■ **PROBLEM DESCRIPTION**
Transcribe exactly, and without pictures, only the lines from the one bearing "-福德莲生 吊牌价2288元 活动价1999元" through the final line of the data below.

** Opening GIVEN DATA block **

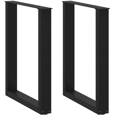 vidaXL Coffee Table Legs U Shaped Black Steel, Adjustable Levelers, Modern Design, For Living Room/Dining Area 60x(72 73) cm
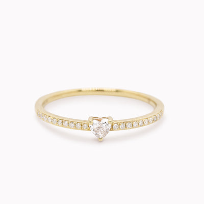 A delicate 14k yellow gold band encompassed with pavé diamonds and a diamond heart center.
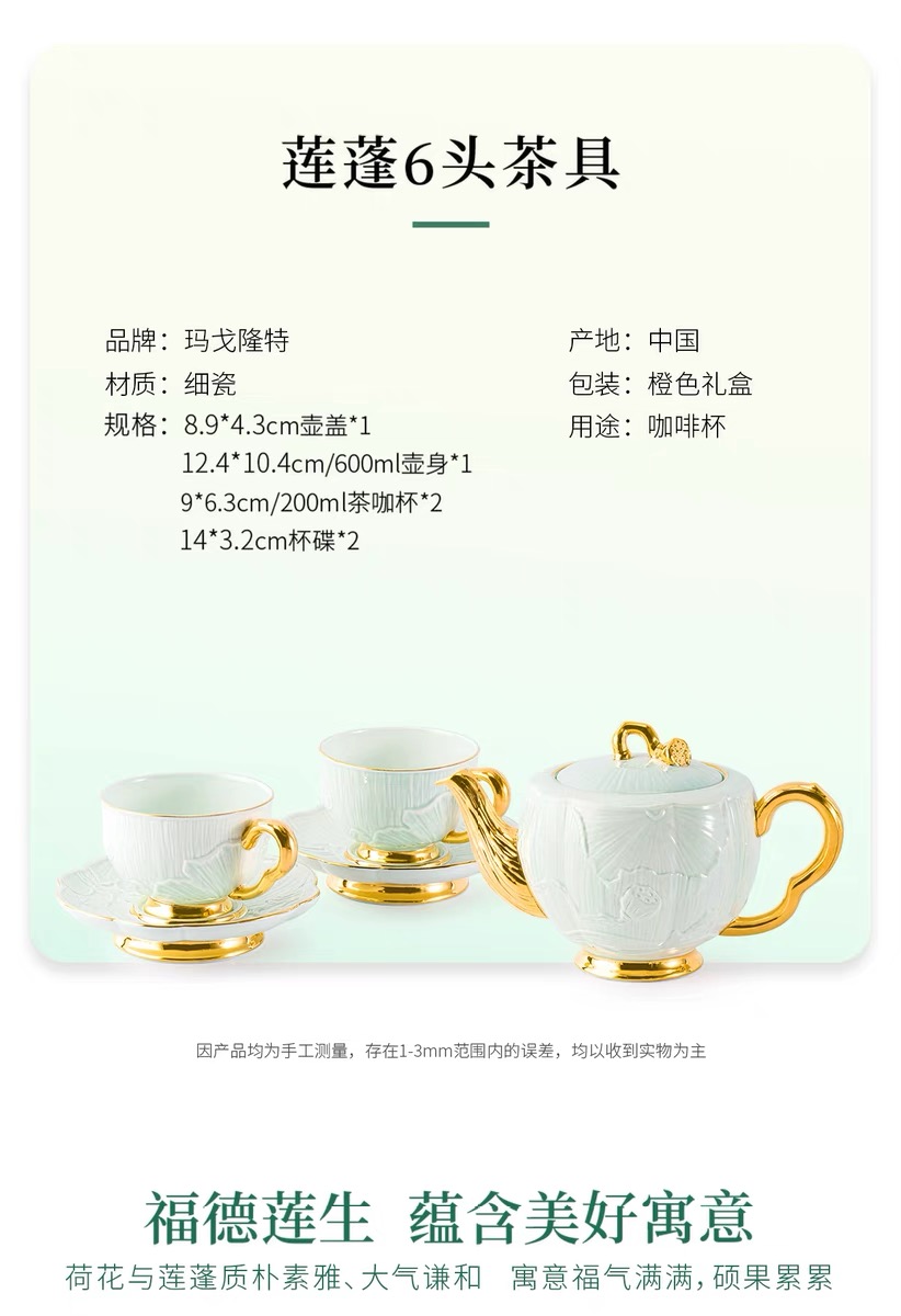 【春上新】10楼玛戈隆特 莲蓬6头茶咖具 -福德莲生 吊牌价2288元 活动价1999元
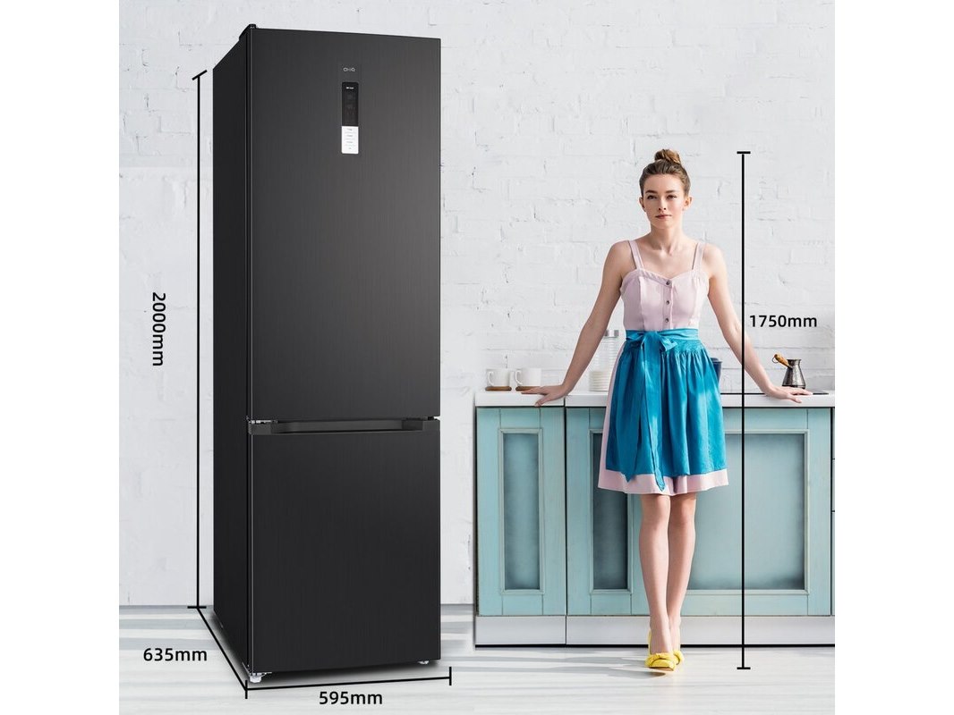 Merk: CHiQ Product: Koel-vriescombinatie 356 liter Afmeting: 595x635x2000 mm Specificaties: Showroom model. Verpakking beschadigd.

** Closing GIVEN DATA block **

■ **EXERCISE ANSWER**
 【春上新】10楼玛戈隆特 莲蓬6头茶咖具 -福德莲生 吊牌价2288元 活动价1999元
 Merk: CHiQ Product: Koel-vriescombinatie 356 liter Afmeting: 595x635x2000 mm Specificaties: Showroom model. Verpakking beschadigd.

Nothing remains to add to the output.